Notice that the algorithm after a series of reflection, expansion, contraction, and shrinking steps converges to the minimum.

Multiple minima

It becomes quite problematic for the algorithm if the function under consideration has more than one minimum. Then, the algorithm is not guaranteed to converge to the global one. Consider an example

\[\begin{equation} f(x_1, x_2) = x_1^4 + x_2^4 - \frac{5}{4} x_1^2 + \frac{1}{4}. \end{equation}\]

This function has two minima at points \((0.8, 0)\) and \((-0.8, 0)\). Depending on the choice of the initial simplex, the algorithm might converge to either of the two.

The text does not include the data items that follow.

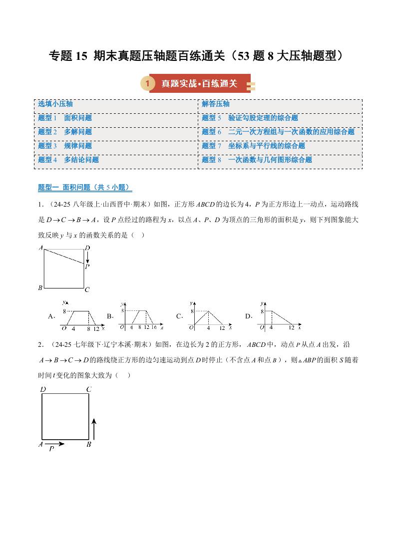 专题15 期末真题压轴题百练通关(期末复习专项训练)(原卷版)
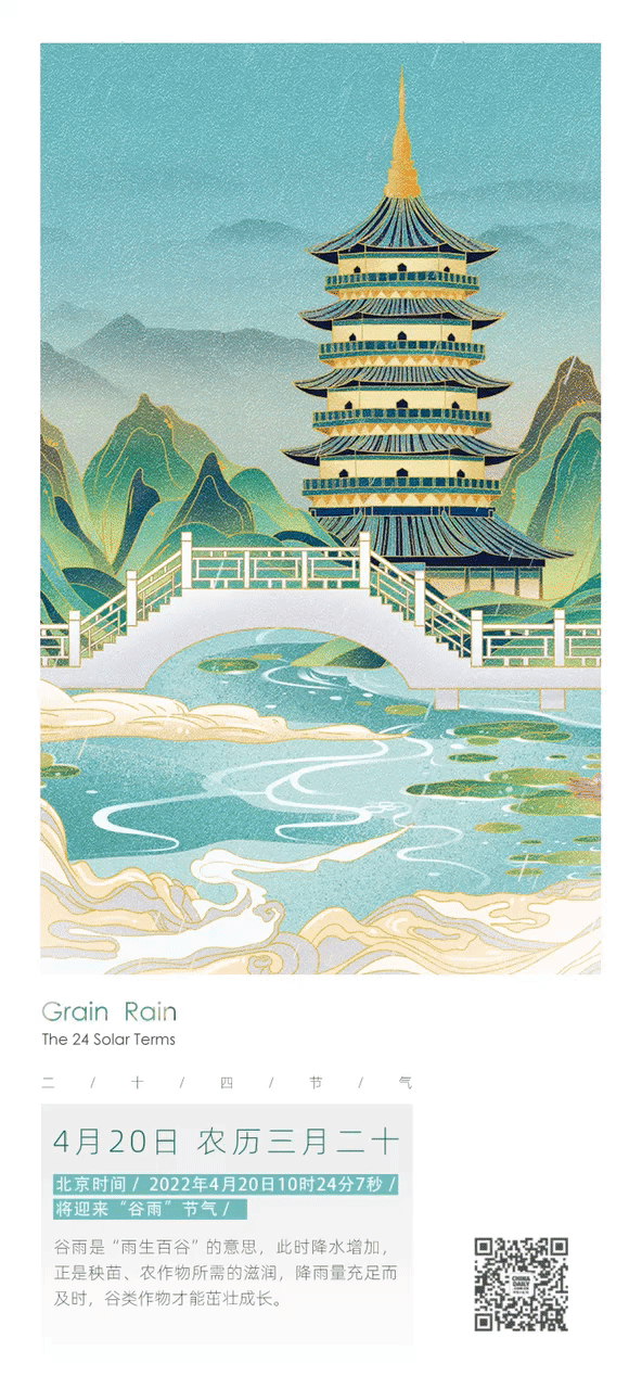 The traditional Chinese lunar calendar divides the year into 24 solar terms. Grain Rain (Chinese: 谷雨), as the last term in spring, starts on April 20 and ends on May 4.
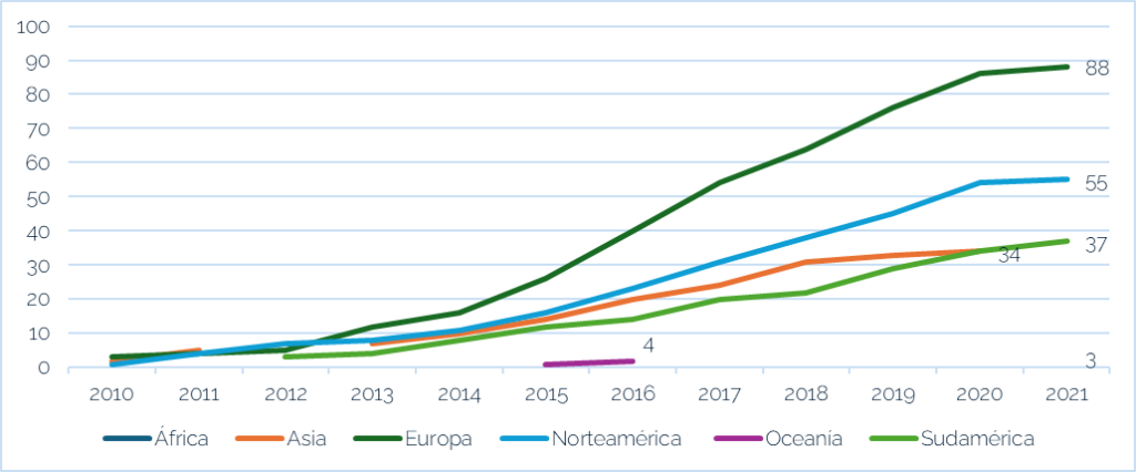 Gráfico 2. Número acumulado de neobancos por región (2010-2021)

Therefore, it is important to correctly pick the initial simplex for a given problem.

For example, starting off with the simplex \(\{(-2,0), (-1,2), (-1.75,2)\}\) produces the following result:

Two minima: left

While, starting off at \(\{(2,0), (1,2), (1.75,2)\}\), produces:

Two minima: right

No minimum

Finally, if the function does not have a minimum, then the algorithm will inevitably fail to converge (which is as expected). However, if you are attempting to implement your own version of the Simplex algorithm, it is important to remember about this eventuality. After all, in real world, it is sometimes almost impossible to determine whether the problem we are trying to optimise has an optimum value.

Consider an example

\[\begin{equation} f(x_1, x_2) = x_1x_2. \end{equation}\]

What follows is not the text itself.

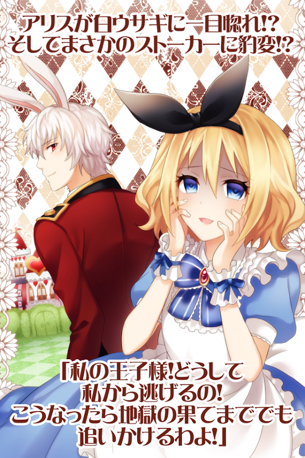 本作的背景是爱丽丝在森林中偶遇一只白兔子并一见钟情的故事,在爱情的路上超越各种各样的障碍,不久就慢慢变成狂气的跟踪狂,是一款充满黑幽默的新感觉故事型放置游戏。
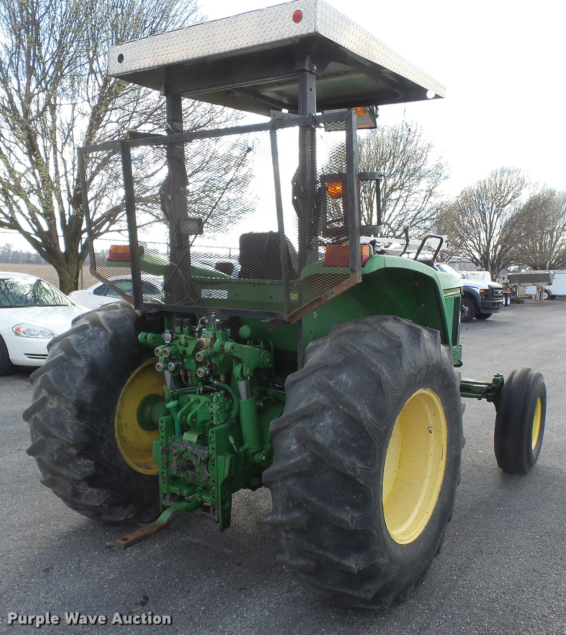 Purple Wave is selling a used Tractor in Missouri. This item is a 2001 John Deere 6410 tractor with the following: 1,142 hours on after-marker hour meter, Original hour meter unreadable, John Deere 404 four cylinder diesel engine, Serial CD40455631193, Manual transmission, 12F-4R gears, Differential lock, Tilt steering wheel, 540 PTO, 10.00-16 front tires, 18.4-28 rear tires, Dead battery, No lift arms, Serial L06410H302450, MODOT ID 05818

The function does not have a minimum (nor a maximum). However, it does have a stationary point at \((0,0)\). If we run the simplex algorithm in the search of a minimum, it will never converge. The following contour plot shows the search path for 8 iterations of the algorithm:

No minimum

And a more interactive version:

No minimum: gif

References

[1] Avriel, M., “Nonlinear Programming: Analysis and Methods”, chapter 9, Dover Publications, 2003.

[2] Mathews, J. H., and Fink, K. K., “Numerical Methods Using Matlab, 4th edition”, chapter 8, Prentice-Hall Inc., 2004. Excerpt on Nelder-Mead Simplex algorithm available here.